In 2001, Duran worked as executive director of the college' charitable foundation and currently he works as a vice president in the Tucson Medical Center executive administration. In that capacity, Duran says he worked with Pima to create a program that helped address the hospital's workforce needs with the college's nursing school—a successful connection that addressed the needs at other medical facilities throughout the area.
"I don't know where I would be now if it wasn't for Pima and the amazing teachers and mentors I had there," Duran says. "I understand first-hand what the college means to this community and many of its students."
Next for Duran is the HLC and the school's probation. Duran agrees it could be behind the college by the time he or Hanna take office, it remains an important issue for all the board members to make sure the school remains in compliance.
"It also may be extended," Duran says. "But I do believe the chancellor and the senior leadership team are addressing the issues."
But it's important at this juncture for the community to remind itself of the board's mission—setting policy, strategic direction and holding the chancellor accountable.
"When we made mistakes the systems of checks and balances were not there because the board completely set aside its mission.
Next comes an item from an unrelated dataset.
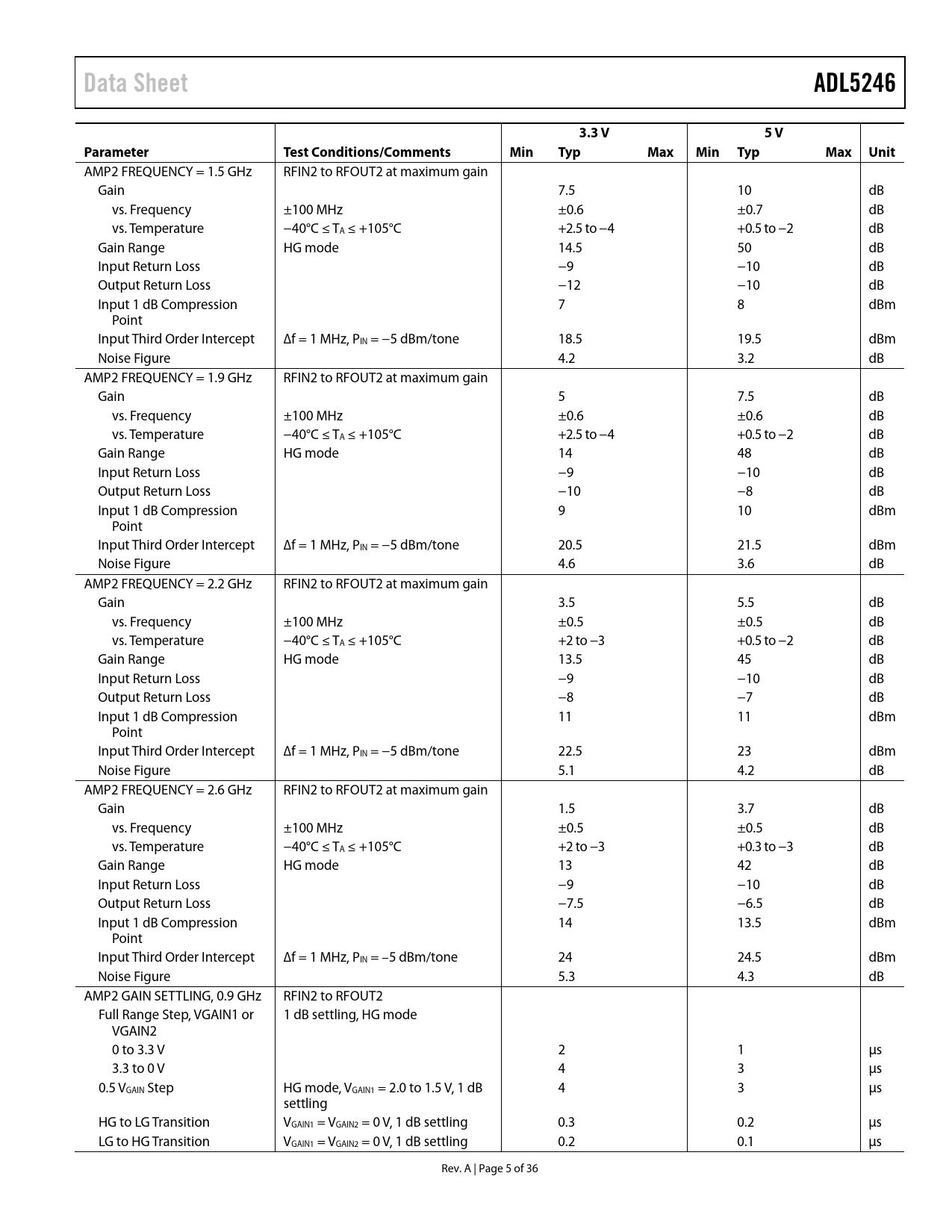 Data Sheet. ADL5246. 3.3 V. 5 V. Parameter. Test Conditions/Comments. Min. Typ. Max. Min Typ. Max Unit

It created a recipe for disaster, so while I think (Lee Lambert) is doing a good job, its incumbent of the board to hold the chancellor accountable."
So no, Duran doesn't feel like the past problems of the board and college should be put behind them or that new board members should back off—"we're here for one reason—student success."
On the college enrollment issues, like Hanna, Duran says having a stronger presence from the college to area high schools will help. Cuts to that program happened under Flores. Duran says there are enrollment declines at colleges in other parts of the country, but not in Arizona, except at Pima.
"For us, it is also reputation. When I talk to young people in the community, they feel there' really isn't a place for them at the community college anymore. That has to change," he says.
Like the other candidate, Duran says what could help change any negative perceptions that students and the community continue to hold is for the legacy board, to publicly acknowledge their negligence or malfeasance in what took place at the college the last few years.
"I'm very comfortable working with people and I make friends easily. I'm the kind of guy who can get along with anybody, but the community called for their resignations. It's clearly time for them to address what happened," Duran says, adding that he also knows that everyone can agree that getting off probation is the most important issue at the moment that they all want to see happen.
What if those same employees came to Duran with the same charges, well, he says he would hope the college had had a compliance officer in place. If so, he would have asked them to investigate. To do nothing, he says, is malfeasance. "But the college is in a much better position now than it was then."
Prior to officially running, Hanna and Duran both told the Tucson Weekly that they agreed to keep their campaign civil. Both are good guys, each says about the other, with only Hanna bringing up that Duran is a member of the Southern Arizona Leadership Council. "He's their candidate," Hanna says.
Duran confirms he's a SALC member, and his hope is that his presence in SALC gives them diverse perspectives the business organization needs, so describing him as SALC's candidate isn't fair, he says. "I have my own personal experiences with Pima and that's what counts."